DATASET CONTENT:
=======

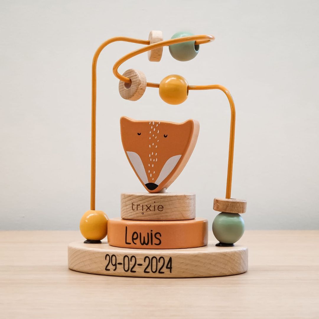 Ben je op zoek naar een leuk en origineel kraamcadeau met naam of cadeau voor een eerste verjaardag? Bij Studio Bambacht kan je het kralenframe van Trixie laten personaliseren met naam en geboortedatum. We personaliseren het kralenframe door er een sticker met de gegevens op te plakken.
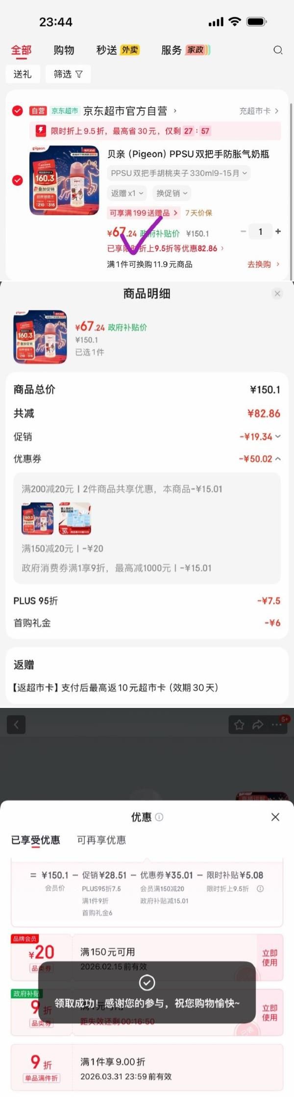 弹9.5折立减,商品下150-20券,6首单
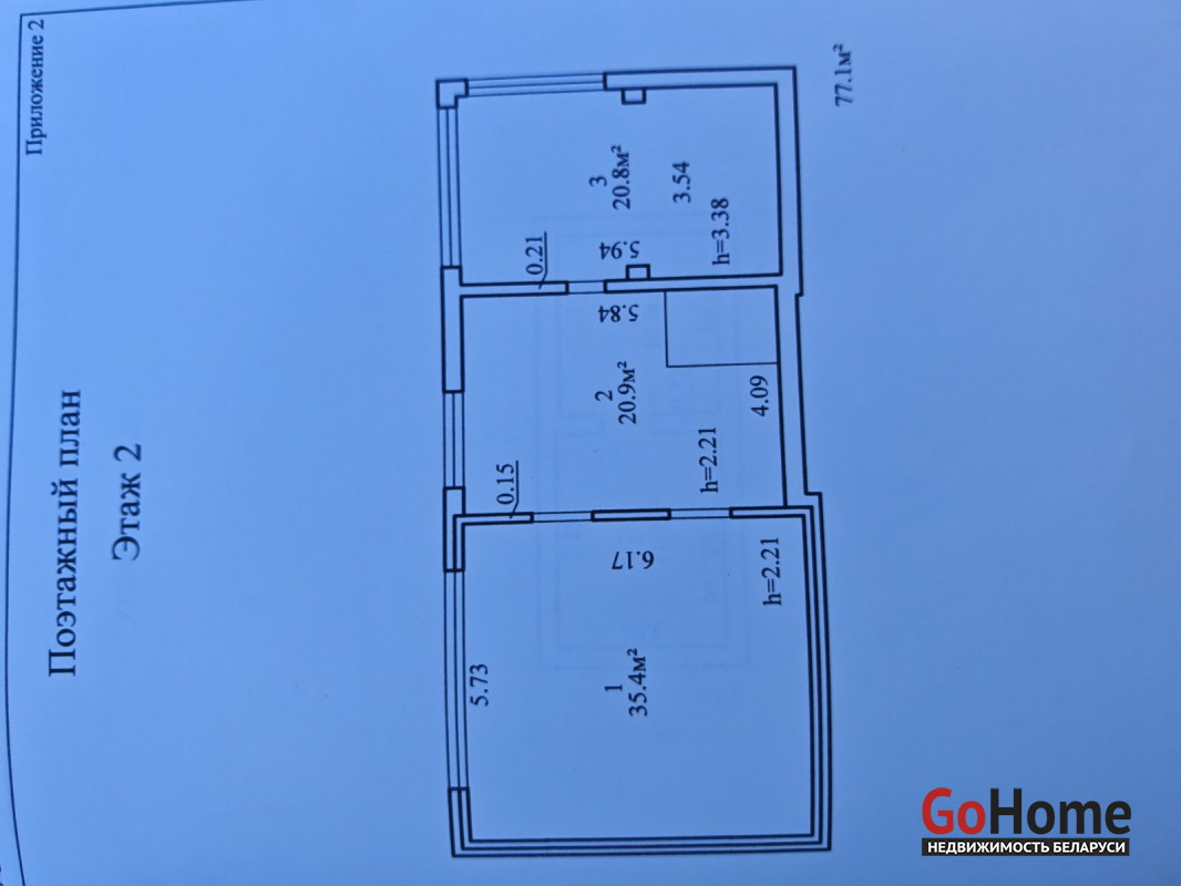 3-комнатная, 57.6/40.2/7.8 м2, Этаж 2 из 2
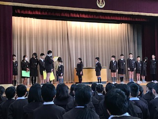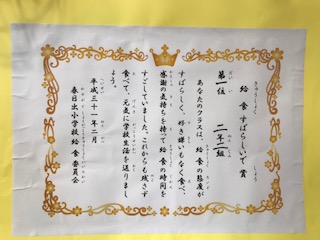 今日の児童朝会では給食委員会からの表彰がありました。どのクラスも頑張っていましたが、特に今回は2−1が時間も守り、好き嫌いなく食べることができたとのことです!

=======

WHAT TO WORK ON: The line containing "弹9.5折立减,商品下150-20券,6首单" marks the end; please output exactly the lines of the listing above from its first line through that line, without pictures.

RESULT:
 Ben je op zoek naar een leuk en origineel kraamcadeau met naam of cadeau voor een eerste verjaardag? Bij Studio Bambacht kan je het kralenframe van Trixie laten personaliseren met naam en geboortedatum. We personaliseren het kralenframe door er een sticker met de gegevens op te plakken.
 弹9.5折立减,商品下150-20券,6首单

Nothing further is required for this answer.